Probability Theory Assignment—Discussion of
Journal Articles
For class Monday (October 26), you must read both “Does
Your iPod Really
Play Favorites?” and the corresponding “Reviving the Negative Hypergeometric Model.” These are articles from The American Statistician, which is a
peer-reviewed journal published by the American Statistical Association.
Note:
As Yannan mentioned in class, computers are incapable
of creating true “random” numbers. For the purposes of our discussion, though,
consider the iPod-shuffle software “random enough.” The big issues center around misconceptions of randomness and the ability to model
randomness with probability distributions.
General Discussion Guidelines
When reading articles for class
discussion, I expect you to dig in, take notes (which you can easily reference
in class), ask questions, and think carefully about the information presented.
It’s a good idea to read the article twice—once to get the big-picture idea(s)

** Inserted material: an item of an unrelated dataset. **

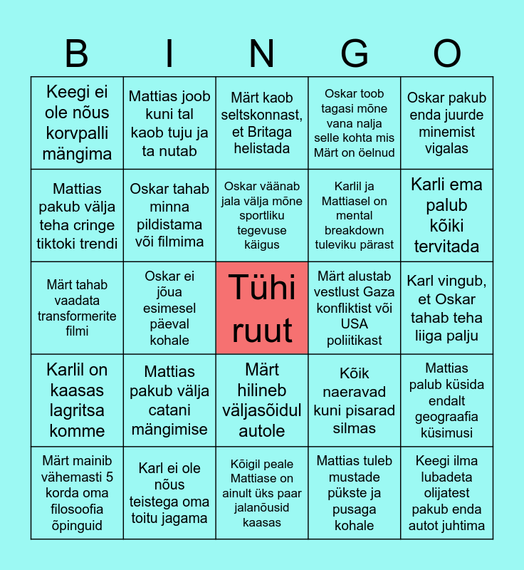 This bingo card has a free space and 24 words: Mattias pakub välja catani mängimise, Karl ei ole nõus teistega oma toitu jagama, Oskar väänab jala välja mõne sportliku tegevuse käigus, Märt mainib vähemasti 5 korda oma filosoofia õpinguid, Oskar pakub enda juurde minemist vigalas, Keegi ei ole nõus korvpalli mängima, Mattias pakub välja teha cringe tiktoki trendi, Mattias joob kuni tal kaob tuju ja ta nutab, Märt alustab vestlust Gaza konfliktist või USA poliitikast, Märt hilineb väljasõidul autole, Karlil ja Mattiasel on mental breakdown tuleviku pärast, Märt tahab vaadata transformerite filmi, Kõik naeravad kuni pisarad silmas, Mattias palub küsida endalt geograafia küsimusi, Oskar tahab minna pildistama või filmima, Mattias tuleb mustade pükste ja pusaga kohale, Karl vingub, et Oskar tahab teha liiga palju, Märt kaob seltskonnast, et Britaga helistada, Karli ema palub kõiki tervitada, Oskar ei jõua esimesel päeval kohale, Keegi ilma lubadeta olijatest pakub enda autot juhtima, Karlil on kaasas lagritsa komme, Oskar toob tagasi mõne vana nalja selle kohta mis Märt on öelnud and Kõigil peale Mattiase on ainult üks paar jalanõusid kaasas.

and another time to ensure you understand the details. (Note—you should think hard, on your own or with
classmates, about how to answer any questions you have. If you’re still
left wondering, then your question is a good one to raise
in class discussion.)
Specific Guidelines for this Particular Discussion
For this specific
assignment the following questions/issues should be addressed (and other issues
can be addressed, too):
·
In
what ways to people typically mis-conceive of
randomness? (You can bring in additional points not mentioned in the paper.)
·
Consider
the Miller & Fridell paper:
o
Summarize
the relationship between the four discrete distributions mentioned in the
paper.
o
Show
how the first equality (in regard to P(X
= x)) on p. 348 simplifies to the second equality.
o
Provide
a practical example of the Negative Hypergeometric
distribution (either from the paper or from your own creative mind).
·
Back
to the Froehlich, Duckworth, & Culhane paper:
o
Section
3.1
§
Verify
that T, the minimum number of songs until the ith
artist is played, has a negative hypergeometric
distribution.
§
How
do probability calculations from this model refute a claim by Levy?
o
Section
3.2
§
Why
do the probability-model calculations alone not refute the claim by Levy? What
do the authors speculate might be an explanation?
o
Section
3.3
§
How
is the Levy claim of three-songs-from-the-same-album on the autofill
related to the “birthday problem”?
§
Can
you clearly explain the simplified model presented by the authors? How does
this simplified model refute Levy’s claim?
o
Section
3.4
§
Verify
that S, the number of shuffles required until a particular song is played in
the first n songs, has a geometric distribution. How does the geometric model
refute Levy’s specific claim?
·
Here’s a quick explanation of
significance testing…
There are two hypotheses (the null hypothesis, which is a statement of “status
quo,” and the alternative hypothesis). In this situation, the null hypothesis
is that the iPod actually shuffles randomly. In a significance test we collect
data and see how much evidence we have against
the null hypothesis (against random shuffling). This particular test uses a
chi-square goodness-of-fit test, comparing actual observations with what we
expect if the shuffling is indeed random. Large deviations between observed and
expected would suggest the iPod is not randomly shuffling. The p-value is the
probability of getting the observed data under the assumption of random
shuffling. So large p-values provide no evidence against random shuffling,
while small p-values provide evidence against random shuffling.
o
Now,
based on that brief explanation, how do the significance tests in Section 4
refute a claim by Levy? (You might need to lean on the students in class who
have already studied significance testing.)
·
What
lingering questions do you have about the articles? Also, did you find any part
of the articles especially interesting?